BEGIN DATA RECORDS
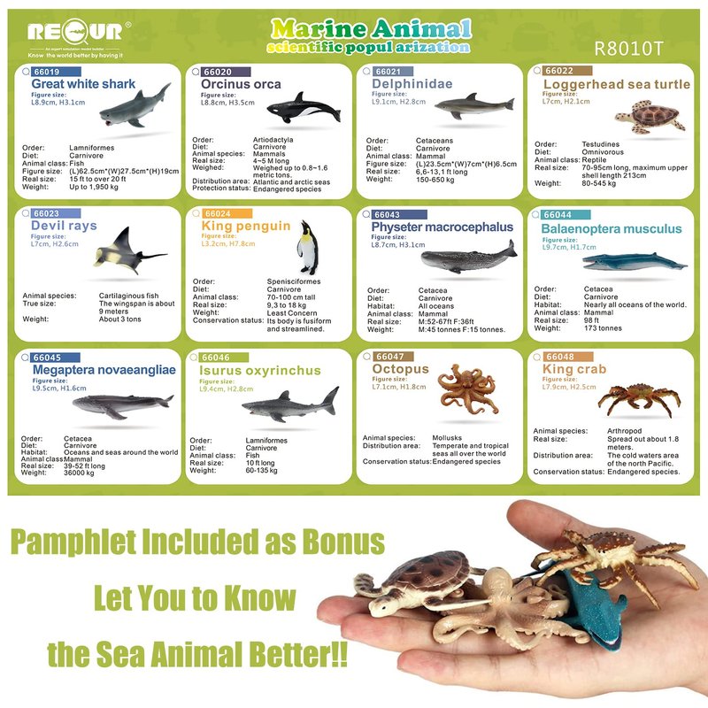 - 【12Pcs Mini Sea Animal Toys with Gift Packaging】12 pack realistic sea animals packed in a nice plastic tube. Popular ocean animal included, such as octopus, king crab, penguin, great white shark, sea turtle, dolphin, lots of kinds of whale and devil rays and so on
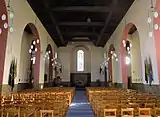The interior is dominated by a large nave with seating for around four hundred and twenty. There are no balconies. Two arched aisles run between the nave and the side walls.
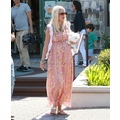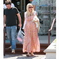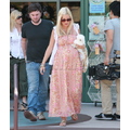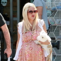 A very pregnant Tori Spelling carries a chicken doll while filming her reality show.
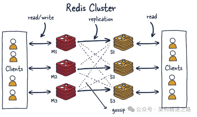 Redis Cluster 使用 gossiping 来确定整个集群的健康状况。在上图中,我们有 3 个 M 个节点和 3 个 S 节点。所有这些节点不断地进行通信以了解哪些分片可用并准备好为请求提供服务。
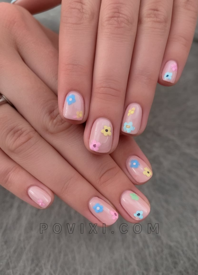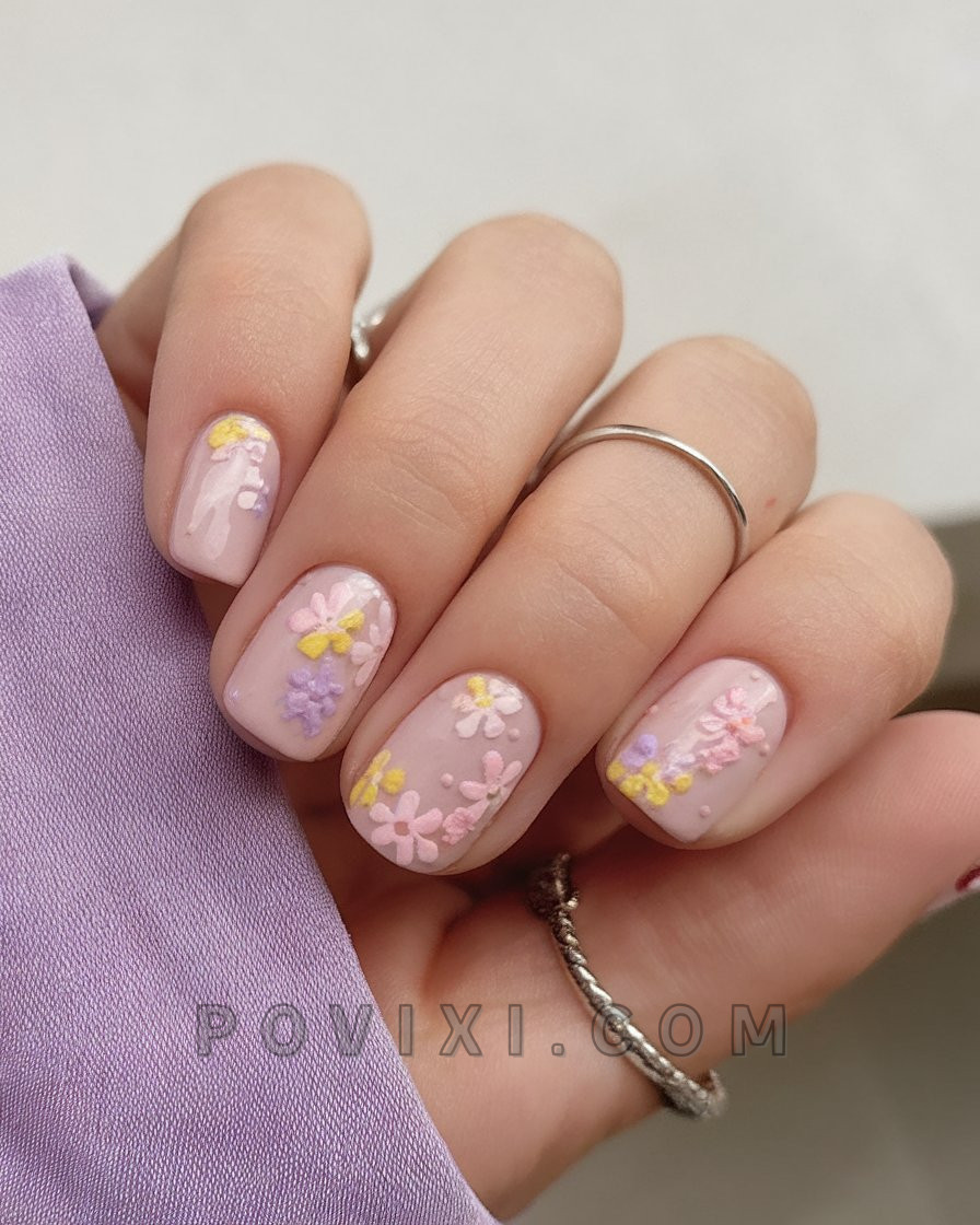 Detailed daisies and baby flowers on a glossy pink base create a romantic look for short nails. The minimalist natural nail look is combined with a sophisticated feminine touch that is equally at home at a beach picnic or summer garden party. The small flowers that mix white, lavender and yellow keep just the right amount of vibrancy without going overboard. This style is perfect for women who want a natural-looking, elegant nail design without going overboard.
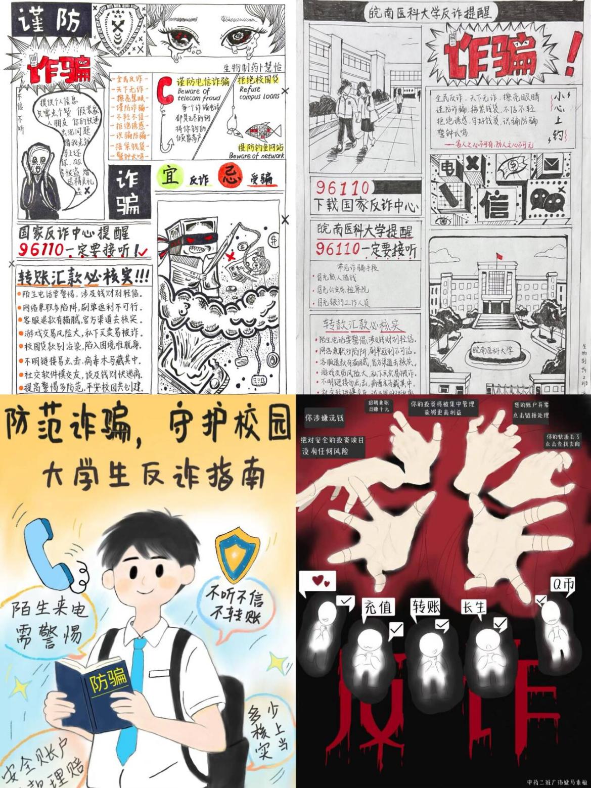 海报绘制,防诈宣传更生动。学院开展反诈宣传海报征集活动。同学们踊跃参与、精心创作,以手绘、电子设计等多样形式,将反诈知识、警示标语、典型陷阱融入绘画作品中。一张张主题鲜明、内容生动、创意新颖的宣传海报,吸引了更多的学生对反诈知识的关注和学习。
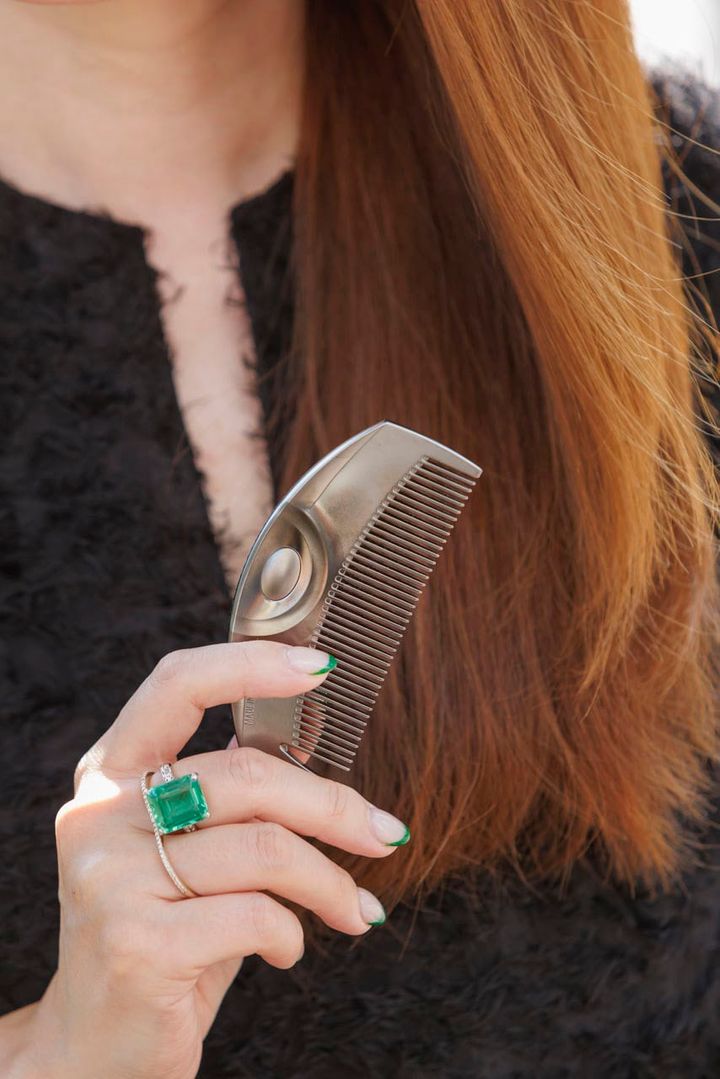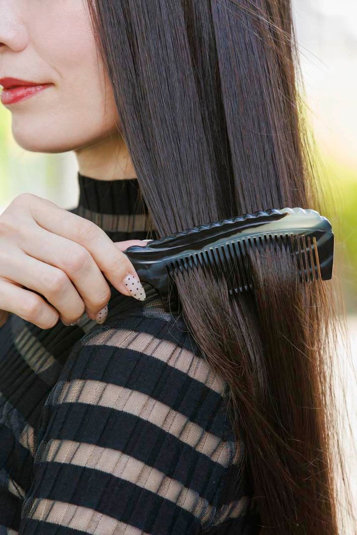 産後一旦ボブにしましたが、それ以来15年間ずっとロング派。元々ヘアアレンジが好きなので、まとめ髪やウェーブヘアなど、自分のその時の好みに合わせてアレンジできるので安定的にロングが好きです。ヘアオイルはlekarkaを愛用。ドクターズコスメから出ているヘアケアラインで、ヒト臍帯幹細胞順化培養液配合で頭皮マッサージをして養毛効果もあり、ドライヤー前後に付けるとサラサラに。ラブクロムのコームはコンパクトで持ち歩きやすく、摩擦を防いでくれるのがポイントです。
END DATA RECORDS
BEGIN DATA RECORDS
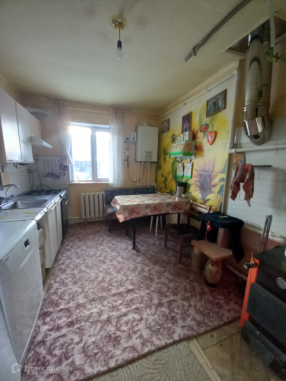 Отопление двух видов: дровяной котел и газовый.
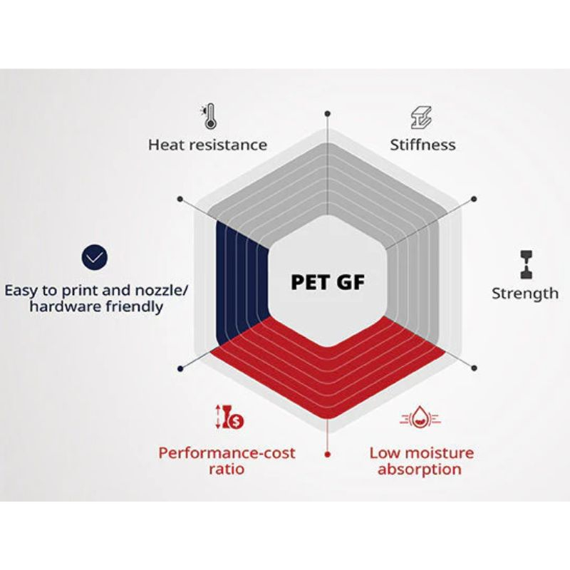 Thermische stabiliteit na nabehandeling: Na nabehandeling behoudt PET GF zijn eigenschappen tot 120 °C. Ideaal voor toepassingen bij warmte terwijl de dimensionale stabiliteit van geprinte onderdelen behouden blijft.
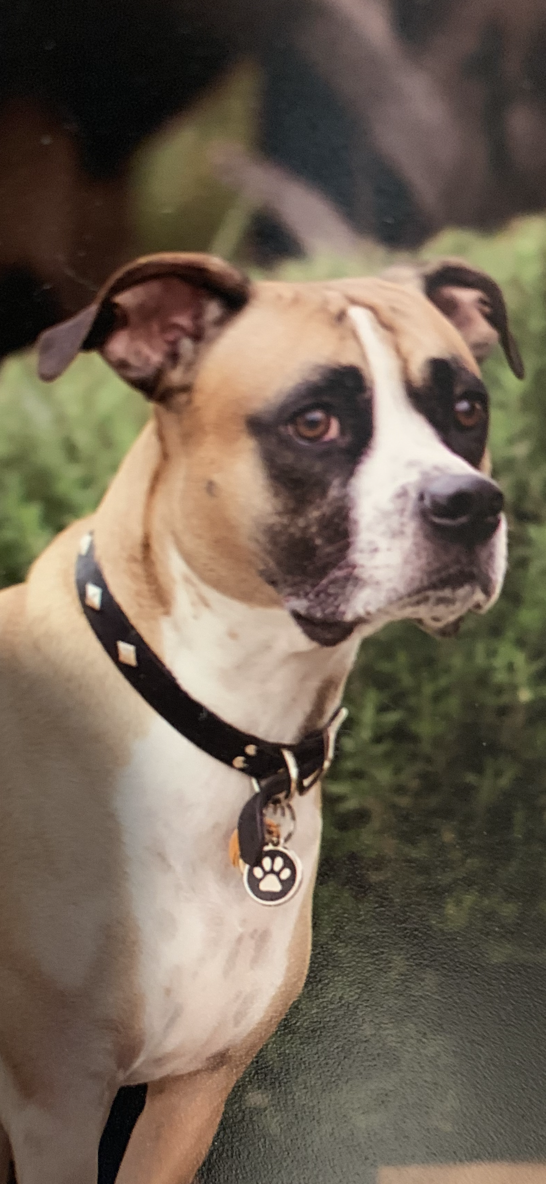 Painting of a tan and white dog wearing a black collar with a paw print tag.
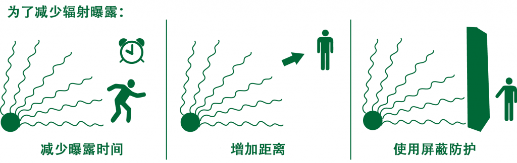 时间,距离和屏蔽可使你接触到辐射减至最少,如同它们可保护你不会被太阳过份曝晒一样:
END DATA RECORDS
BEGIN DATA RECORDS
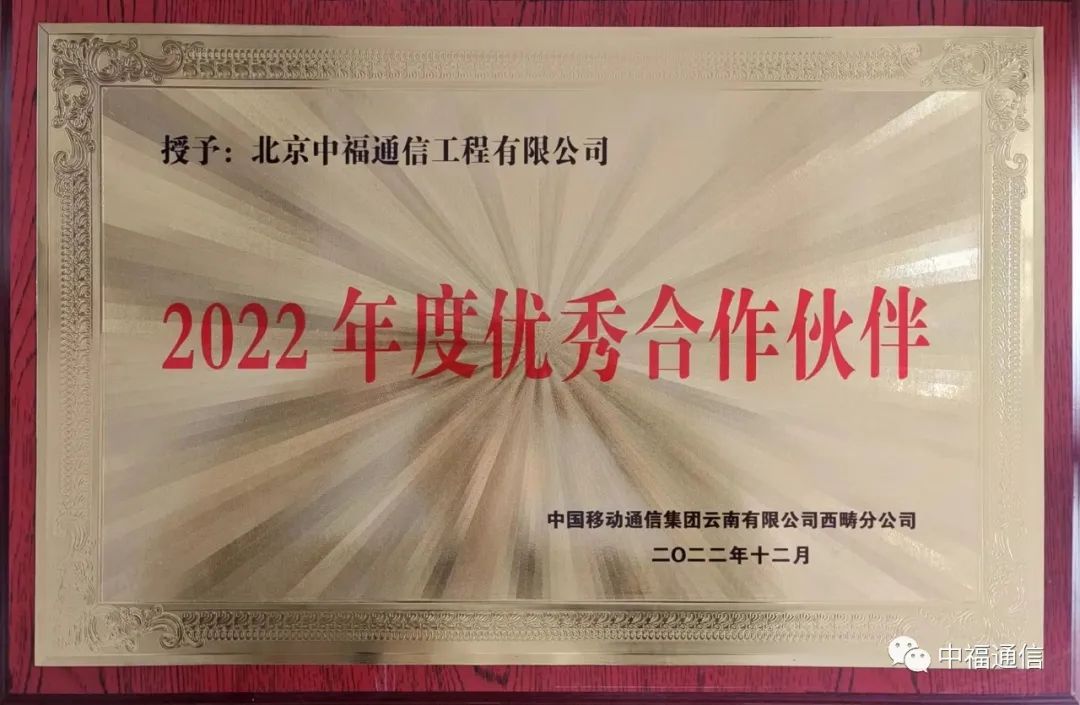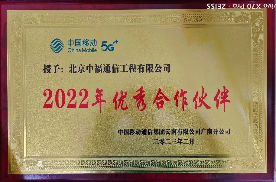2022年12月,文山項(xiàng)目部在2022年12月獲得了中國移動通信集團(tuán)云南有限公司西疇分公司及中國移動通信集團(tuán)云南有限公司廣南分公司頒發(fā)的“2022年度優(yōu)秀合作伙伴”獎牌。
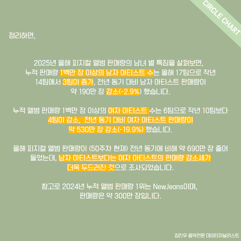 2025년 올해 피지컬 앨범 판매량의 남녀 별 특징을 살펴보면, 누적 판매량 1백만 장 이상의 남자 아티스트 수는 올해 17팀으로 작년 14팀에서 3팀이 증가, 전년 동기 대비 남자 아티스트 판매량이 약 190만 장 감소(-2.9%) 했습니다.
END DATA RECORDS
▶ [WORK REQUEST]:
Pictures in the material above should be skipped; print exactly the lines from the one with "海报绘制,防诈宣传更生动。学" through the one with "産後一旦ボブにしましたが、そ".

▶ [RESPONSE TO THE EXERCISE]:
 海报绘制,防诈宣传更生动。学院开展反诈宣传海报征集活动。同学们踊跃参与、精心创作,以手绘、电子设计等多样形式,将反诈知识、警示标语、典型陷阱融入绘画作品中。一张张主题鲜明、内容生动、创意新颖的宣传海报,吸引了更多的学生对反诈知识的关注和学习。
 産後一旦ボブにしましたが、それ以来15年間ずっとロング派。元々ヘアアレンジが好きなので、まとめ髪やウェーブヘアなど、自分のその時の好みに合わせてアレンジできるので安定的にロングが好きです。ヘアオイルはlekarkaを愛用。ドクターズコスメから出ているヘアケアラインで、ヒト臍帯幹細胞順化培養液配合で頭皮マッサージをして養毛効果もあり、ドライヤー前後に付けるとサラサラに。ラブクロムのコームはコンパクトで持ち歩きやすく、摩擦を防いでくれるのがポイントです。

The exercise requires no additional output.